OK I think I will give this long bio a shot.  I might update it a few times as my memory seems to fail me every so often.

This strange journey began on Mother's day 2004 (which is in May). My girlfriend and I moved to the city of London Ontario from our nice little farm in Zurich ON.  I had gone back to school and found the 250km drive each day was taking it's toll on me.  On our first day in our new house, I climbed up on the roof to install our satellite dish.  Long story short, I took a 12 foot fall and fractured my T-12 vertabre. 

I was sent home from hospital the same day and went to school the next day as I didn't want to fall behind.  Fast forward to one year later...we went to Las Vegas for a vacation.  While in Vegas I started to experience tingling in my lower legs.  I assumed this was something to do with my broken back and did not panic although I was in extreme pain the whole time.

Once we got home I set up an appointment with my GP.  After a series of tests all doctors were perplexed as my symptoms did not macth my fracture.  The tingling went too far up my body to be explained by my broken back.  Also I could not feel my feet for the most part which again they didn't think could be caused by my fracture.  It seemed we had hit a wall.

During a visit with my GP a few months later he threw out this question..."are there any neurological disorders in your family?"  I wave of fear came over me but just for a second as I replied "yes, MS".  I have an aunt and uncle on my mother's side (my uncle passed away at age 59 a few years ago), my first cousin, and a cousin twice removed all with MS.  He set me up for a neurological exam right away.

I went through all the standard tests including an MRI and Lumbar puncture...the rest, as they say, is history.  I was not handed the final dx until Sept of 2006.

In 2007 I had a couple relapses that were bad.  I was having such a hard time coping and getting no answers from my doctors.  I was certain my problems were being brought on by the stress caused by my employment that I chose to quit to find another job.  Unfortunately the day after I left my job my symptoms became much worse...I know how that must sound but that is exactly how it happened.  I could not believe my bad luck.

I had a lot going on in my personal life and in Jan 2008 I suffered a mild heart attack and it was discovered that I had acute coranary artery disease and needed a quad bypass.  I had the sugery and left the hospital Jan 18, 2008.  The surgery made the MS much worse for a while but it seems to be settling down now as of March 3, 2008.
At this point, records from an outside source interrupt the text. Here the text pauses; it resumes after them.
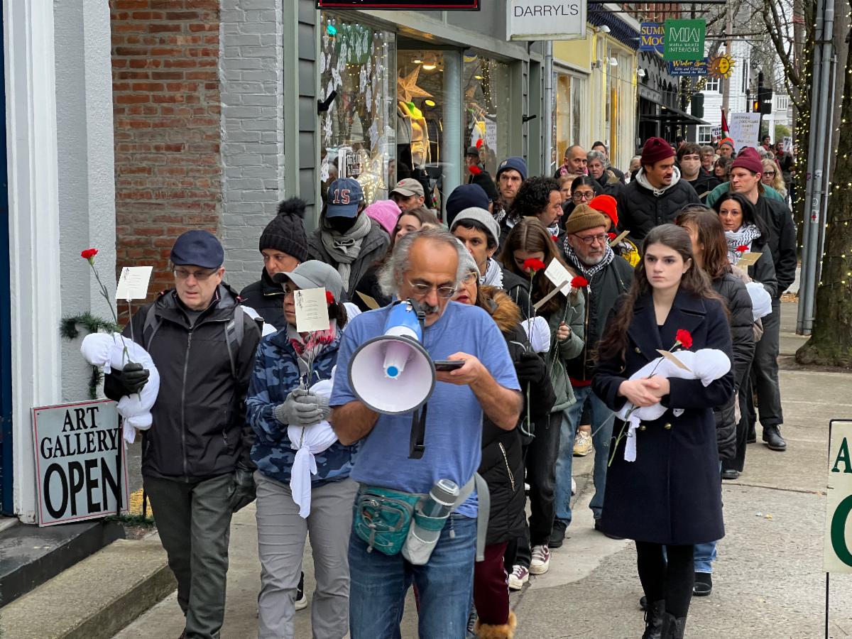 On Sunday, a group of about 100 gathered together to form a solemn community vigil that moved its way into the heart of the village of Rhinebeck to commemorate the many lives lost to the ongoing and tragic war between Israeli forces and Hamas.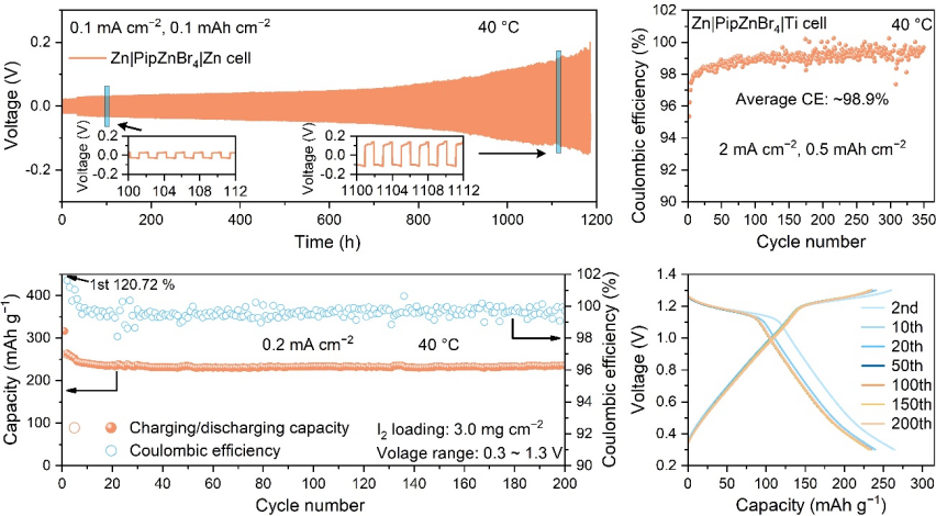 以PipZnBr4为固态电解质的Zn||Zn对称电池测试显示,在0.1 mA cm⁻²的电流密度下,能稳定循环超过1100小时,就算电流密度提高到0.5mAcm-2和1.0mAcm-2,依然能稳定运行,证明了该电解质具备可靠的离子迁移能力和界面稳定性。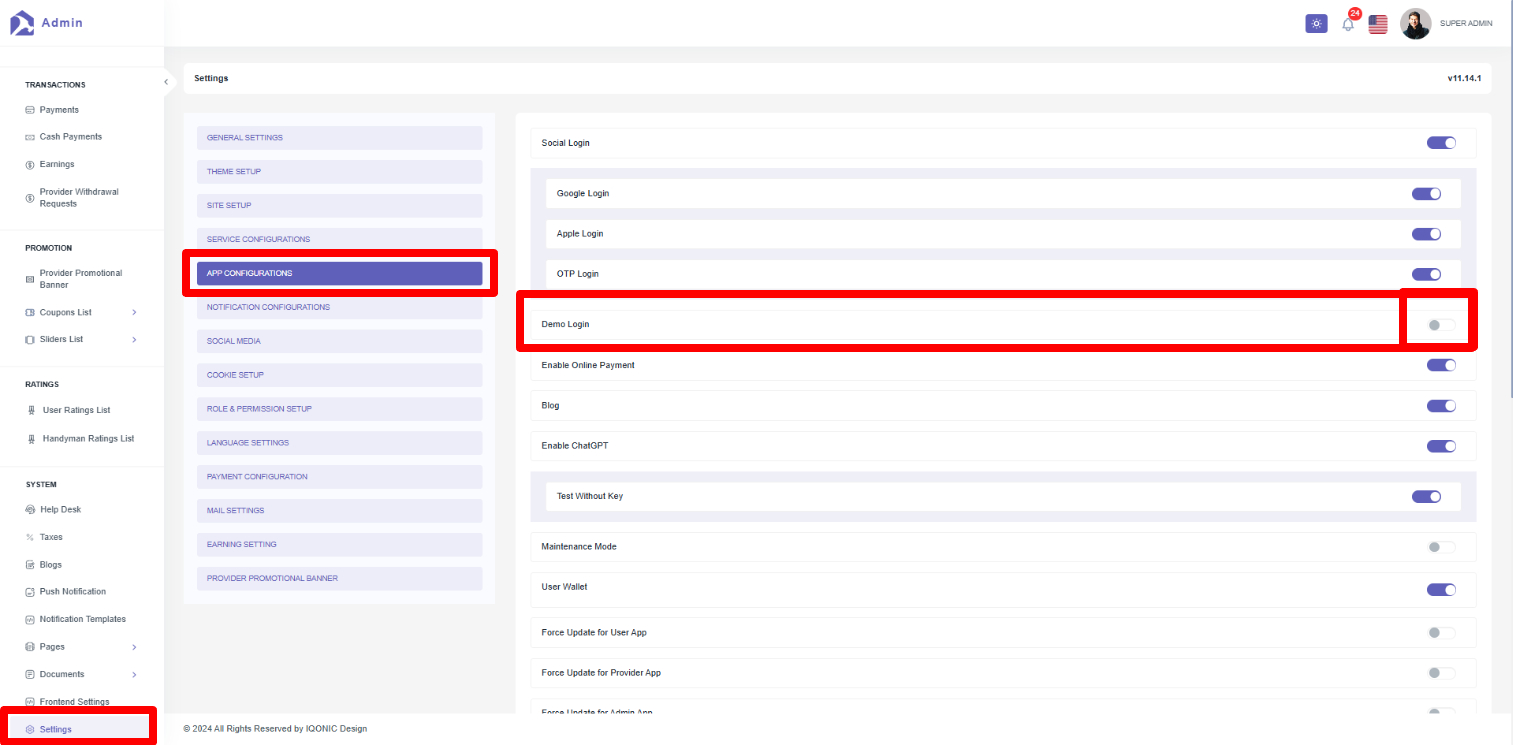 2️⃣ Find the “Demo Login” option and toggle it OFF
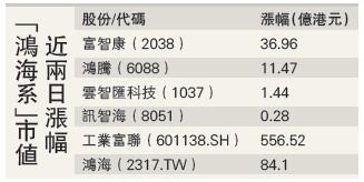 而在台灣上市的鴻海這兩天股價亦漲近2%,市值達1.27萬億新台幣,兩日市值增330億新台幣(約84.95億港元)。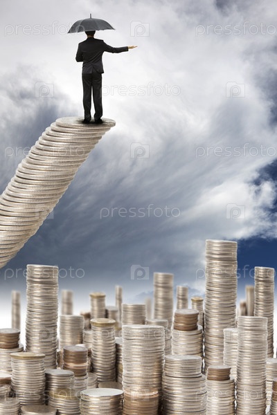 Бизнесмен стоит на стопке наклонившихся монет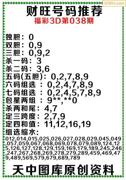 3D原创038期旺财出号推荐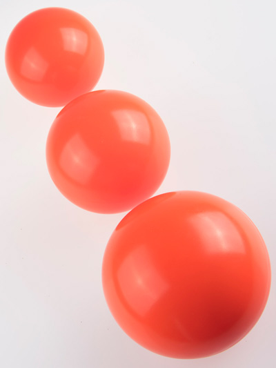 Large-sized Russian balls are made for single ball manipulation or for stacking balance tricks. Usually a Russian ball over 100mm is too large for toss juggling. Renegade is the only company that make oversized Russian balls. They are made with a thick vinyl shell and filled with micro glass beads. They can be custom ordered depending on what you want to use them for.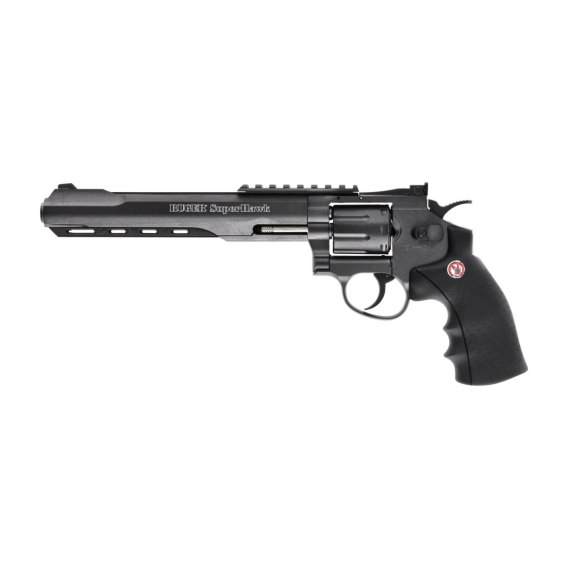 Ruger Superhawk z lufą 8" to replika rewolweru ASG w kalibrze 6 mm BB. Jest w pełni licencjonowanym modelem bazującym na palnej wersji amerykańskiej firmy Ruger Sturm. Model wykonany jest w całości z metalu, tylko w nielicznych miejscach uzupełniając o elementy z tworzywa. Cechą charakterystyczną rewolweru jest ładowanie poprzez wianuszek o pojemności 8 kulek. Za zasilanie odpowiada kapsuła CO2 o pojemności 12 gramów, umieszczana w rękojeści repliki. Prezentowana wersja jest w kolorze czarnym.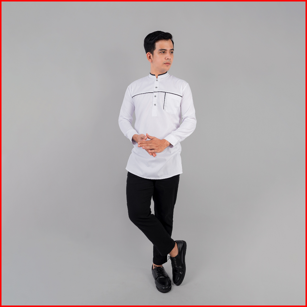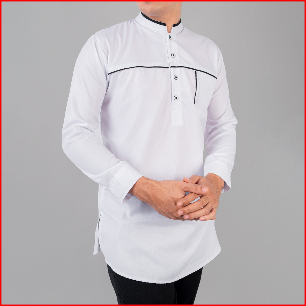 Katsae - Kemeja Koko Kurta Pria Dewasa Lengan Panjang Warna Putih Baju Muslim Achmad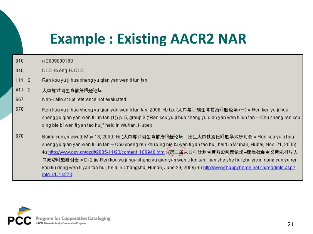 Conference Names : Ongoing (11.13.1.8) • Separate authority records for collective conference and individual instance may coexist • Earlier/Later names are put in 5XX fields in the NAR for the collective conference • A 667 is used on the collective record when there are also individual records for the conference • Include frequency word in the NAR for conference • Do not re-use the existing collective conference NAR for individual instance

I am on disability now (or at least waiting to see if I will get it) and I am obbsessed with learning more about my illnesses and how best to extend my life and improve the quality of my life as well.

I try not to complain as I am aware many on here and elsewhere are much worse off than I.

My family and friends are nothing short of amazing.  They all support me in everything I do and friends are always there to help out when needed.  My fiance is also a very supportive person, although we have rough times.  She is as healthy as a horse as they say and someimes I feel so bad that her life has to be affected by this crappy disease.  We go through some bad times but always end up letting each other know how much we love the other...I am lucky to have her and look forward to one day making her my wife.

That's it for now...if you would like to know more or just want to chat me up, feel free to drop me a line; I'm always around.

Keep positive and never stop fighting.

Update: Dec 2009.

My Fiance was just diagnosed with ms last week!  Unreal or what?  We are both doing good right now and are hopeful Dr. Zamboni's work will lead to a better treatment for us all!